The tea seeds used in November 2021 were from 7 producing areas in Guizhou Province, China (Table 1). They were stored according to a unified standard after harvest, and the samples were mature tea fruit (Fig. 1). The samples were identified by Sun Sisheng, Associate Professor, Institute of Medicinal Plant Development, Chinese Academy of Medical Sciences and Peking Union Medical College, as the dried mature seeds of Camellia sinensis O. Kuntze. Voucher samples are preserved in the Herbarium of Traditional Chinese Medicines of Anshun University. Seeds of each variety were randomly selected, and three biological replicates were performed. The fatty acid standard was chromatographically pure, purchased from Sigma, USA. Isooctane, potassium hydroxide, sodium bisulfate, and petroleum ether were all analytically pure and purchased from Shanghai Aladdin Biochemical Technology Co., Ltd. (Shanghai, China). Rat cardiomyocytes cells (H9C2) and mouse fibroblasts cells (L929) were purchased from Wuhan Servicebio Technology Co., Ltd. (Wuhan, China).

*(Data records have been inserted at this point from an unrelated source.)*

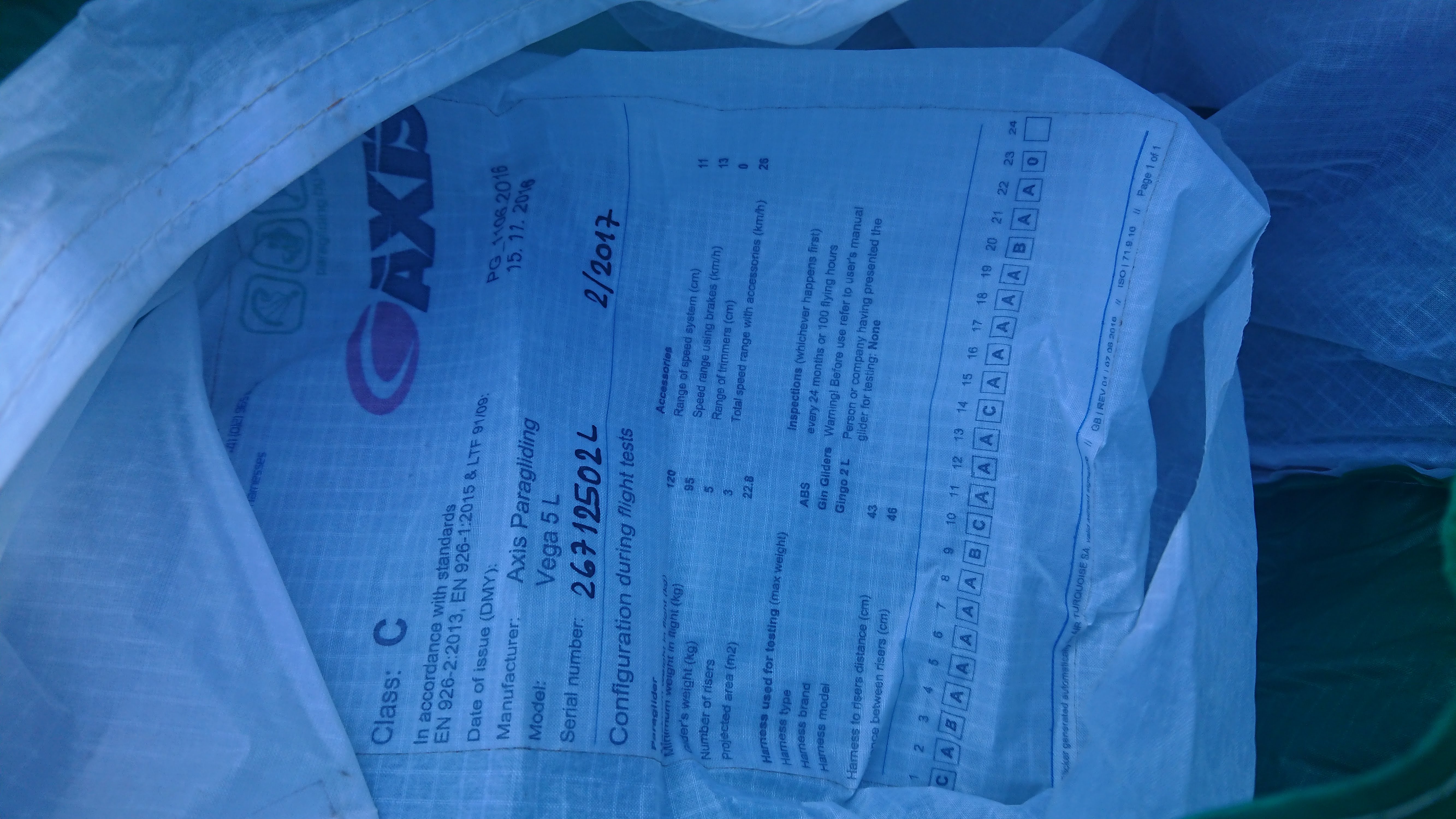 SELL: Wing EN C AXIS Vega 5 L 95-120kg No water No flying on the sand No TC Small repairs
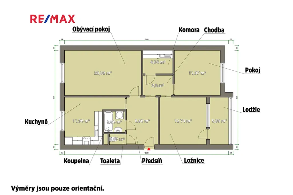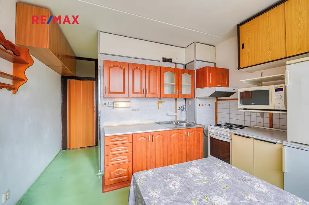 Dispozice bytu o celkové ploše cca 76 m² nabízí praktické rozdělení – prostorný obývací pokoj (20 m²), samostatnou kuchyni s jídelním prostorem, dvě ložnice, komoru, koupelnu, samostatné WC a předsíň. Z jedné z ložnic je vstup na lodžii orientovanou do klidné části. K bytu náleží sklep v přízemí domu a k dispozici jsou i společné prostory (kočárkárna, sušárna). Vytápění je řešeno dálkově.
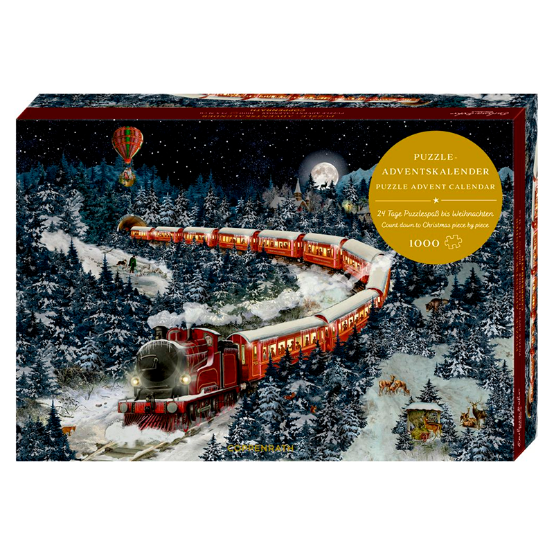 Puslespils-julekalender hvor du eller dit barn hver dag kan åbne en låge med cirka 42 brikker. Dag for dag kan I lægge puslespillet med det eventyrlige og lidt Harry Potter-agtige juletog, som i alt er på 1000 brikker. Hver låge har sin egen lille æske, så det er nemt at tage brikkerne op og lægge dagens del af puslespillet.Brikkerne er nummerede, så puslespillet kan pakkes væk igen i julekalenderen og måske bruges igen et andet år. Måske kan det blive en lille juletradition at finde puslespillet frem år efter år,

The milliQ ultrapure water meter was acquired from Millipore Co., Ltd. (Burlington, USA). The electronic balance was acquired from Mettler Toledo instruments Co., Ltd. (Zurich, Switzerland). The high-speed cryogenic centrifuge was procured from Beckman Coulter Inc. (Brea, CA, USA). The constant temperature water bath was procured from Jintan Medical Instrument Co., Ltd. (Changzhou, China). The infinite 200 PRO multi-function microplate reader was procured from Tecan Trading AG. (Männedorf, Switzerland). The gas chromatograph (Agilent 7890A) and mass spectrometer (Agilent 5975C) were from Agilent Technologies Co., Ltd. (Santa Clara, CA, USA).

Table 1. Source Information of Tea Seeds in Different Regions of Guizhou

Chemical Composition of TSO

Kernel and oil content of tea seed

Twenty tea seeds were evenly and randomly selected, and the total mass of tea seeds (m) was determined. After shelling, the total mass of tea seed kernels (n) was weighed.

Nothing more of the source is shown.